Genome analysis revealed that CR and CZA-susceptible (Table 1) S. marcescens MRSN 696556 carried the blaKPC-2 allele. In contrast, CR and CZA-nonsusceptible C. koseri MRSN 755319 carried a mutated blaKPC-2 allele (hereby named blaKPC-82; GenBank accession no. MW485086) and no other acquired β-lactamase. The mutated allele was identical to blaKPC-2 with the exception of a 6-nucleotide (ACAGCG) tandem repeat (TR) insertion causing a two-amino-acid insertion (Ser-Asp) between positions 274 and 275 (Ambler numbering) in the KPC protein (Fig. 1B). TR insertions within the KPC Ala267 to Ser275 loop have been reported previously (11), including KPC-50, a KPC-3 variant with a three-amino-acid insertion (Glu-Ala-Val) at this exact position (3).

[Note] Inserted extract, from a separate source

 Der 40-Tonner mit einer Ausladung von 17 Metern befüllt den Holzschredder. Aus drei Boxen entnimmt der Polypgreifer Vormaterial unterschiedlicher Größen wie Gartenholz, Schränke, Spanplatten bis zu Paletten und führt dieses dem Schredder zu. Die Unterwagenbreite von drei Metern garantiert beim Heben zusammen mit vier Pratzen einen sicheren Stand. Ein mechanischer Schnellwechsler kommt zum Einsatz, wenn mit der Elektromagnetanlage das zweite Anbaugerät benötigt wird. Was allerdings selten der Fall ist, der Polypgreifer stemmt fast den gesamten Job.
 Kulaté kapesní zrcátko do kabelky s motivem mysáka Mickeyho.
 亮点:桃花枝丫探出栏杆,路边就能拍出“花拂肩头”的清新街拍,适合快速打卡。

To investigate whether the two-amino-acid insertion identified within KPC-82 was responsible for the phenotypic resistance to CZA, the blaKPC-82 gene was cloned into vector pBCSK (Stratagene, La Jolla, CA) and expressed in E. coli TOP10. AST showed that KPC-82 conferred resistance to all β-lactams, including ceftazidime, as well as high-level resistance to CZA (Table 1). Importantly, and similar to KPC-50 (3), E. coli expressing blaKPC-82 remained susceptible to the carbapenems (ertapenem, imipenem, and meropenem).

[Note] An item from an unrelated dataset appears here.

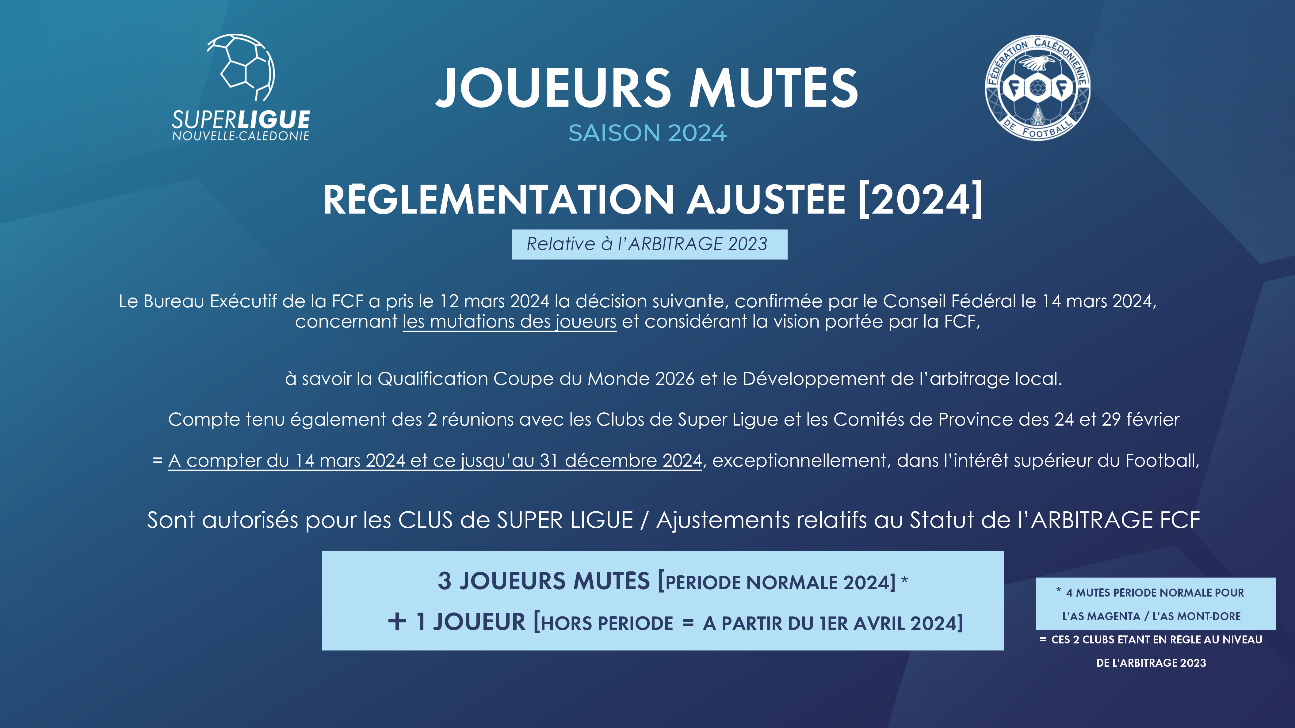 Joueurs mutés en SUPER LIGUE = réglementation ajustée pour 2024 | FCF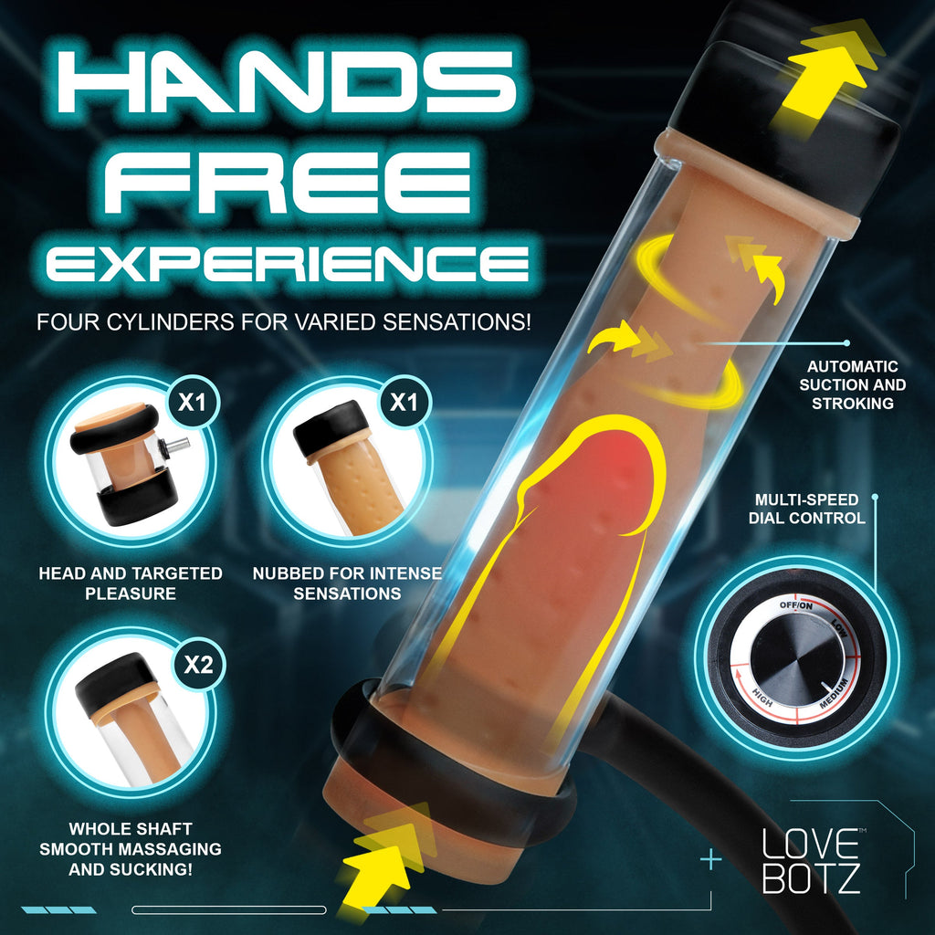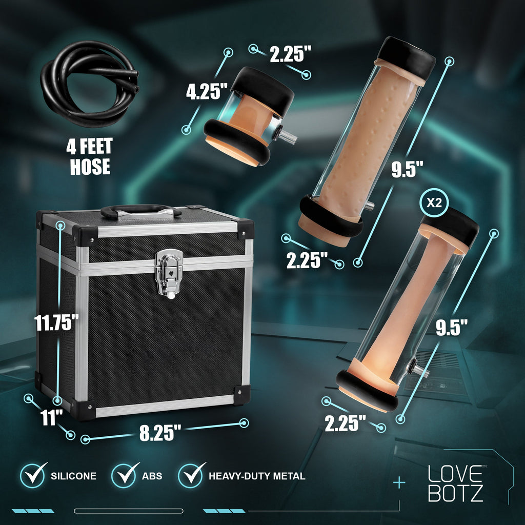 Three different kinds of cylinders are included. The first is specially designed to suck your shaft, at nearly 9 inches long and lined with supple rubber for a tight seal. It feels so good that we've included 2 of them in case you wear out the first! We have also included a textured cylinder, lined with tantalizing nubs that will massage your dick as it's sucked. Finally, the smaller cylinder is for more targeted pleasure, such as your cock head or even the clitoris or nipples.

Further investigations into the genetic context of blaKPC-82 in MRSN 755319 revealed that it was carried by an ∼10-kb Tn4401-like transposon that inserted into the chromosome and disrupted the gene coding for the outer membrane protein PhoE (Fig. 1C and D). Porin loss, such as OprD in P. aeruginosa (14) and OmpK36 in K. pneumoniae (15), has been widely implicated in β-lactam and carbapenem resistance in other bacterial species. Notably, PhoE downregulation has been hypothesized as a possible reason for carbapenem resistance in K. pneumoniae (16), suggesting that its inactivation in MRSN 755319 could cause the otherwise unexplained low-level carbapenem resistance (Table 1).

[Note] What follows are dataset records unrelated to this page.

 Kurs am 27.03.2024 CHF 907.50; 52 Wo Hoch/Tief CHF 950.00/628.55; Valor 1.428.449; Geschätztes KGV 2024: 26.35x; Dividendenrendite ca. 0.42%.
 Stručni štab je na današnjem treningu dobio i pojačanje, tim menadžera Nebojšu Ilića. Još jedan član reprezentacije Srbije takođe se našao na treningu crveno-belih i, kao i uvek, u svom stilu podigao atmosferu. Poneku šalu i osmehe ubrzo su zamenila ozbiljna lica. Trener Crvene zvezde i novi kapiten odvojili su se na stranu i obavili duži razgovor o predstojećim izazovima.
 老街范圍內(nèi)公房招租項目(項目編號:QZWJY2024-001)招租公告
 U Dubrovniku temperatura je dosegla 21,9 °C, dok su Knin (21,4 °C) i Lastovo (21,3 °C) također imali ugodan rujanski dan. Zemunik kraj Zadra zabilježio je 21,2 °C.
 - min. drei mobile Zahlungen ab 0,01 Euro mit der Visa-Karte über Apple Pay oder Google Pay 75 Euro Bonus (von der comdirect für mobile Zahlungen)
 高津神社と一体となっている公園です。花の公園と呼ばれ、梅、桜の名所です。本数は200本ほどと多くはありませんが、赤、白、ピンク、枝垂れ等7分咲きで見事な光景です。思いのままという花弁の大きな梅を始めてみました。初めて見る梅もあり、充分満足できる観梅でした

Interestingly, in S. marcescens MRSN 696556 from the same patient, the blaKPC-2 allele was also carried by a nearly identical Tn4401 (only 2 synonymous mutations in istB in addition to the TR insertion in blaKPC). However, unlike MRSN 755319 but similar to previous reports (17), this transposon was not chromosomally located and was instead carried by an ∼76-kb IncN plasmid named pBWC01 (Fig. 1C and D). The backbone of pBWC01 was absent in MRSN 755319, but both S. marcescens and C. koseri isolates carried an identical ∼4-kb Col440i-type plasmid (Fig. 1C). Similar Col440i cryptic plasmids have been identified in a variety of Enterobacteriaceae and have been documented to coconjugate with a larger IncN KPC-carrying plasmid (including across genus, in vitro) (18). Altogether, and despite missing intermediate isolates, a hypothesis for the emergence of blaKPC-82 would be that (i) both plasmids cotransferred from Serratia to Citrobacter within the host, and (ii) Tn4401 inserted into the chromosome of Citrobacter while the remaining of pBWC01 was lost. In this proposed chain of events, whether blaKPC-82 evolved from blaKPC-2 in Serratia, as a result of CZA exposure, or once acquired by Citrobacter MRSN 755319 still remains unresolved.

In summary, a novel KPC-type enzyme conferring resistance to CZA was identified from a multidrug-resistant C. koseri. Similar to other KPC mutants conferring resistance to CZA, KPC-82 showed decreased carbapenemase activity and remained susceptible to carbapenem/β-lactamase inhibitor combinations, including meropenem-vaborbactam, which successfully cleared the infection in this patient.

Data availability.

Genomes of S. marcescens MRSN 696556 and C. koseri MRSN 755319 have been deposited at NCBI (BioProject accession no. PRJNA692233).